*Work order*
Output exactly, and only, the stretch of lines beginning at the line with "Im Erdgeschoss befinden" and ending at the last line of the listing below. Drop the pictures.

======== Records

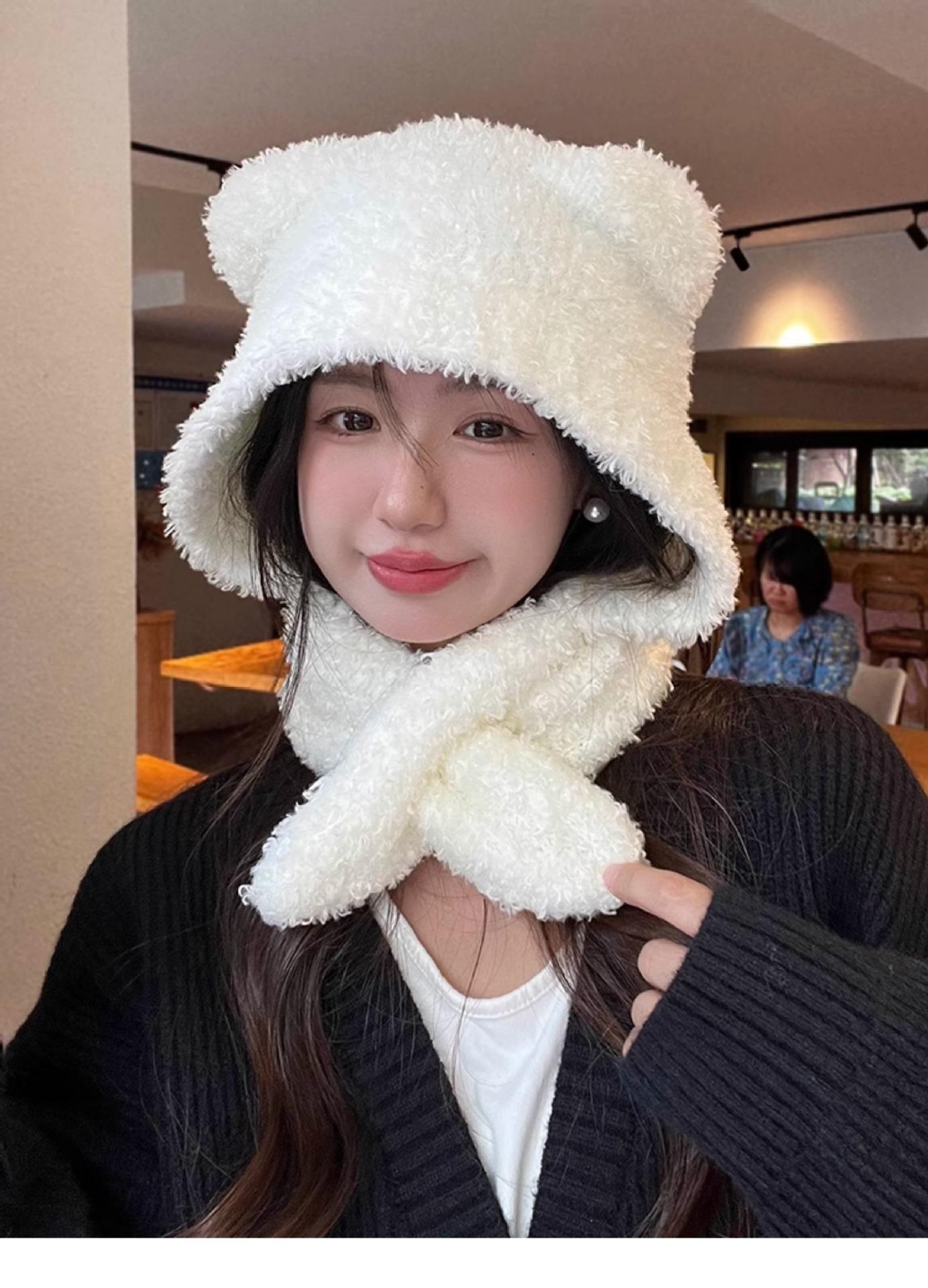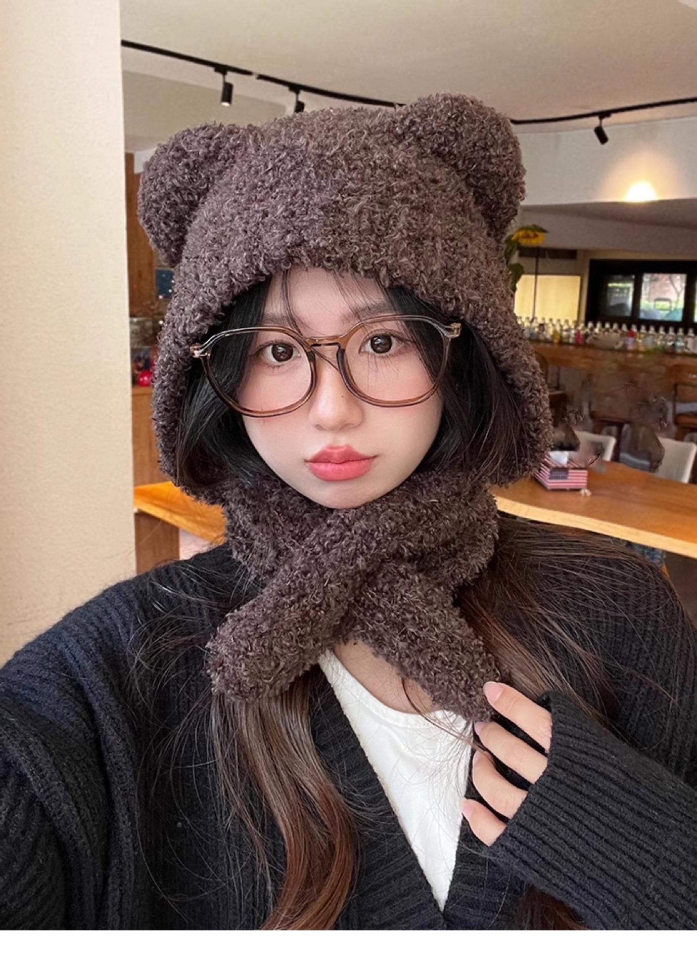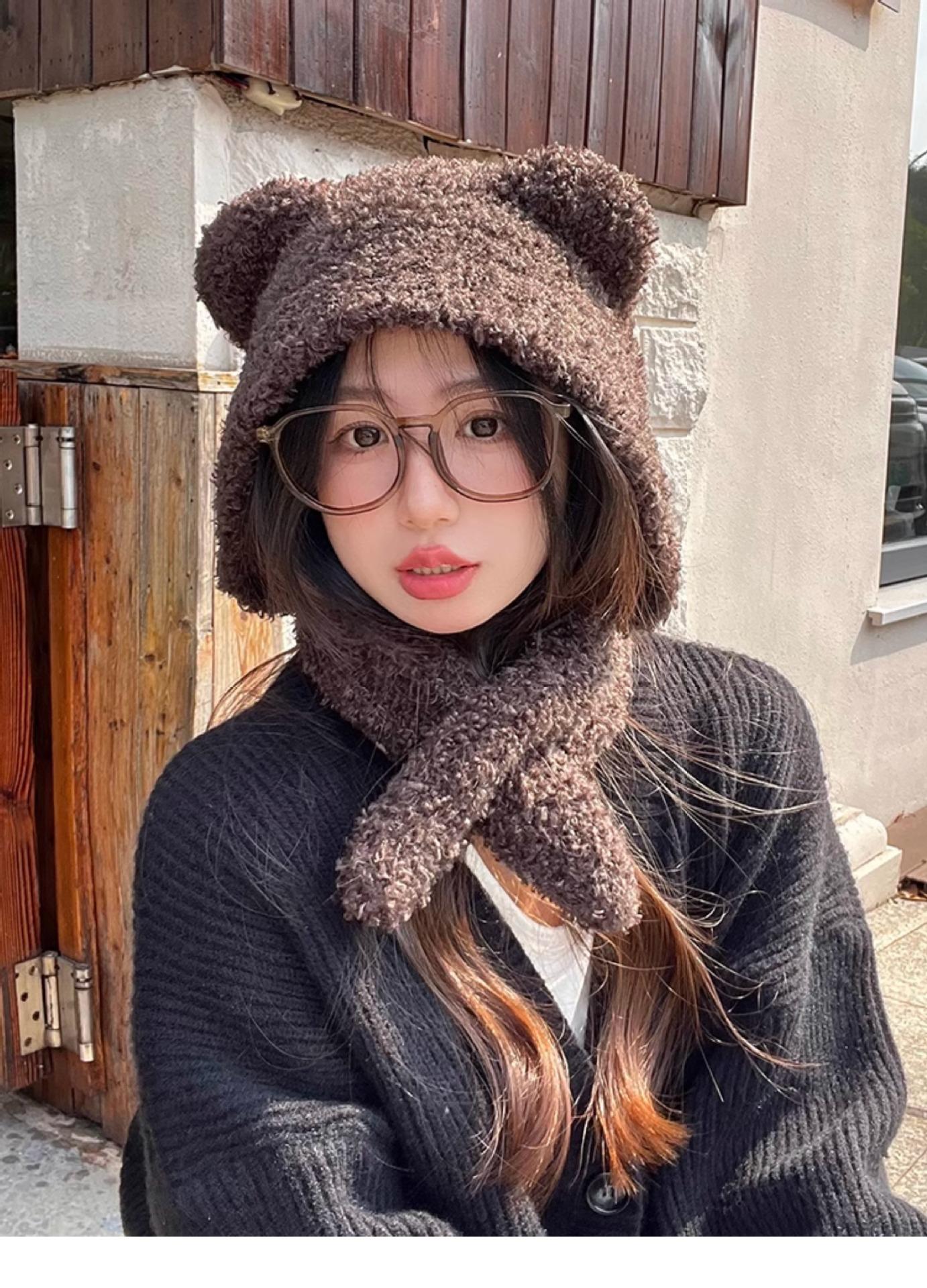 Chapéu cachecol conjunto de duas peças pelúcia urso orelhas malha lã chapéu outono e inverno proteção quente orelha Lei Feng chapéu para mulheres
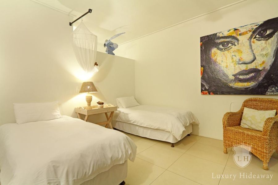 Im Erdgeschoss befinden sich zwei Schlafzimmer (jeweils mit eigenem Bad) und ein offener Wohnbereich mit einer weiteren voll ausgestatteten Küche. Auch hier führt jedes Zimmer auf die vordere Terrasse, den üppigen Garten und den privaten Swimmingpool.
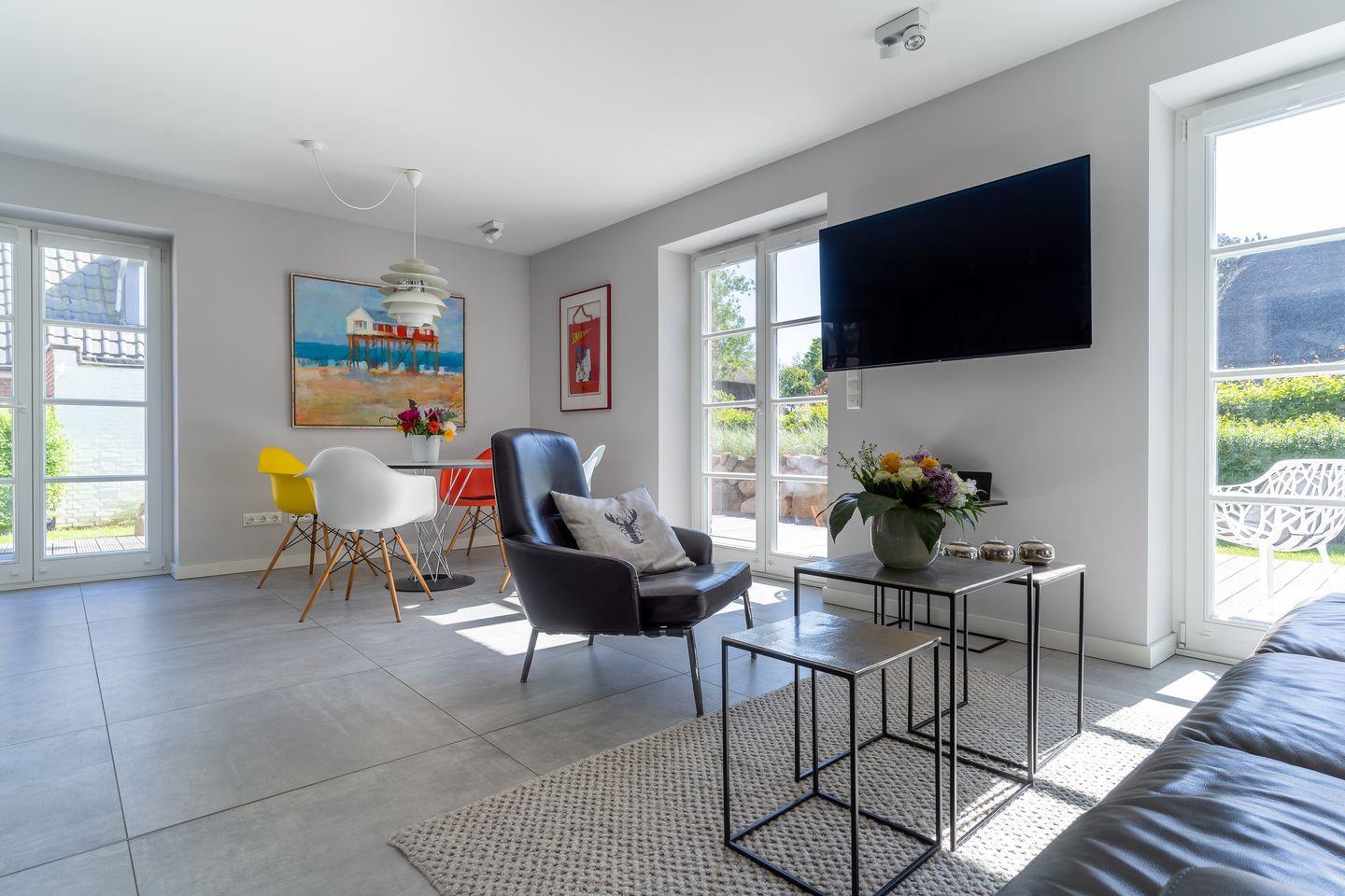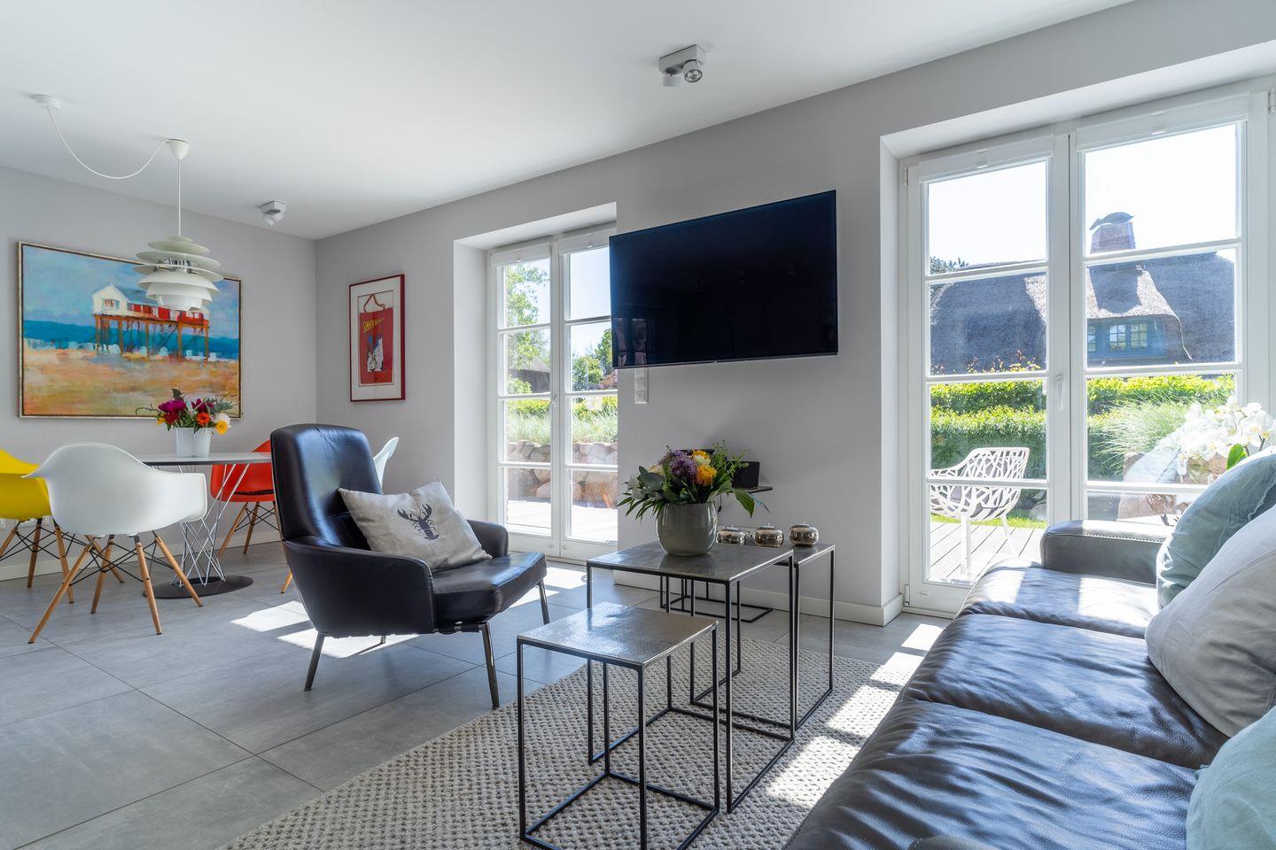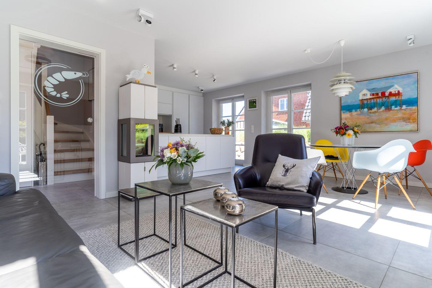 Die wunderschöne Haushälfte unter Reet verfügt über ca. 85 m² Wohnfläche und bietet Platz für 4 Personen. Im Erdgeschoss befindet sich der lichtdurchflutete Wohnraum mit TV, einer luxuriösen, offenen Küche sowie einem stilvollen Essbereich. Der Wohnraum ist mit modernen, stylischen Möbeln und einem wohligen Kamin geschmackvoll eingerichtet. Die Küche verfügt über hochwertige Elektrogeräte und ist voll ausgestattet. An den Wohnbereich schließen sich Flur, Hauswirtschaftsraum und ein Duschbad an.
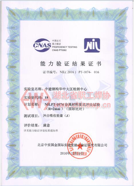 日前,从北京中实国金国际实验室能力验证研究院获悉,在2016年举办的全国实验室检测能力验证活动中,中建钢构华中大区检测中心参加的“金属材料夏比冲击试验”(国际比对)能力验证,获得满意证书,验证成绩优秀。标志着中建钢构华中大区“金属材料夏比冲击试验”方法科学,测量准确水平达到国内先进。
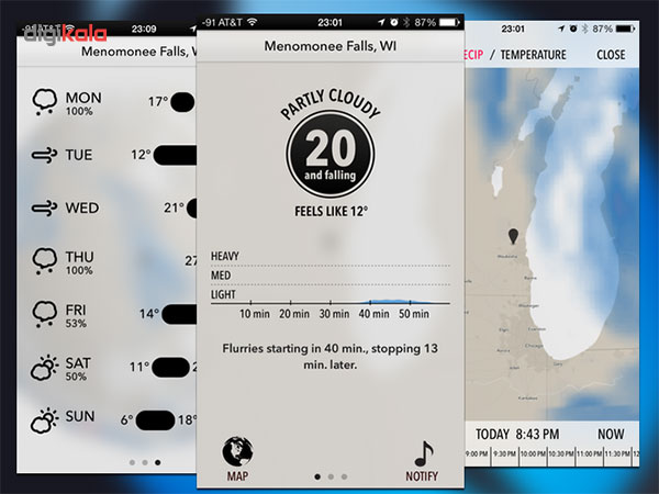 کاربران آیفون با استفاده از یک برنامه پیشفرض روی دستگاه خود، پیشبینی وضعیت آب و هوا را مشاهده میکنند. البته اطلاعات پیشبینی شده در این برنامه اصلا دقیق نیست. به همین دلیل توسعهدهندگان دایما در حال آمادهسازی برنامههای جدید با دقت بالا هستند.

================

*Solution to this exercise*
 Im Erdgeschoss befinden sich zwei Schlafzimmer (jeweils mit eigenem Bad) und ein offener Wohnbereich mit einer weiteren voll ausgestatteten Küche. Auch hier führt jedes Zimmer auf die vordere Terrasse, den üppigen Garten und den privaten Swimmingpool.
 Die wunderschöne Haushälfte unter Reet verfügt über ca. 85 m² Wohnfläche und bietet Platz für 4 Personen. Im Erdgeschoss befindet sich der lichtdurchflutete Wohnraum mit TV, einer luxuriösen, offenen Küche sowie einem stilvollen Essbereich. Der Wohnraum ist mit modernen, stylischen Möbeln und einem wohligen Kamin geschmackvoll eingerichtet. Die Küche verfügt über hochwertige Elektrogeräte und ist voll ausgestattet. An den Wohnbereich schließen sich Flur, Hauswirtschaftsraum und ein Duschbad an.
 日前,从北京中实国金国际实验室能力验证研究院获悉,在2016年举办的全国实验室检测能力验证活动中,中建钢构华中大区检测中心参加的“金属材料夏比冲击试验”(国际比对)能力验证,获得满意证书,验证成绩优秀。标志着中建钢构华中大区“金属材料夏比冲击试验”方法科学,测量准确水平达到国内先进。
 کاربران آیفون با استفاده از یک برنامه پیشفرض روی دستگاه خود، پیشبینی وضعیت آب و هوا را مشاهده میکنند. البته اطلاعات پیشبینی شده در این برنامه اصلا دقیق نیست. به همین دلیل توسعهدهندگان دایما در حال آمادهسازی برنامههای جدید با دقت بالا هستند.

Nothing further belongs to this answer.